I noticed, in the latter instance, that everytime I hopped from 1 boulder to the next my boots would leave a bit of sand behind.
Seeing sand on top of a boulder is a sign even I could pick up on, and I'm FAR from being an experienced tracker.  So I carried a little whisk broom in my back.  On the first boulder I'd stop and whisk off the bottom of my boots, and the top of that boulder on the way out.

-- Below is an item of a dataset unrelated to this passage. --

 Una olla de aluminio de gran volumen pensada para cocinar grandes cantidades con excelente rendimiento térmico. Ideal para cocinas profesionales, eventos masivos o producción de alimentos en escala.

It's always advantages to determine if someone is getting into your garden, maybe biding their time until your plants are flowering before they come back to steal them.
So I would leave about 3 or 4 dry brittle twigs in the path, somewhat noticeable.  Then when I went to water I'd look not only at the twigs to see if any were broken, but also the area's AROUND the twigs because maybe someone noticed them and stepped around/over them.  I would place these twigs in an area that was surrounded by sand or small brush, either of which would leave a noticable mark.

*LOCATION*
Of course you want to locate your garden in an area where people never go.  There are many signs to look for.  
The obvious one are cigarette butts/wrappers/beer cans. etc.
But also look for branches that are broken head-high, to determine if a deer or person broke the branches.
THEN, leave a trinket on the path of potential grow area.
A $10.00 compass on a broken lanyard dangling from a bush like it had been around someone's neck and got snagged was a favorite of mine.
Another tactic I used was to put a few shiny coins (JFK half-dollars are ideal) next to a rock, where they might have fallen out of someone's pocket when they sat down.
People will take the compass or coins, thereby leting you know that is not a good place to grow.

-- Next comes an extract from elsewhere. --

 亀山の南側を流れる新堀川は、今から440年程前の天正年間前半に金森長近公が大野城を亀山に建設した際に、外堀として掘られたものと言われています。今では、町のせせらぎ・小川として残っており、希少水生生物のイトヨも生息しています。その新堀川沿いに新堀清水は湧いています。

That being said, I have had gardens in unbelievably remote, extremely difficult to reach area's and got ripped off.
Once was in a trailless canyon where no one had been for at least 3 years.  Approaching harvest time I went out with my partner to check to see if our six 7' tall Maui Wowie girls were ready.  I used my glass and figured 2 more days til optimum harvest time.  The next day we said **** it and went back to harvest.
In that last 24 hours, someone had cut all the branches off all the plants.  No one for 3 years and they pick that day someone came down that canyon.  It might have been hunters.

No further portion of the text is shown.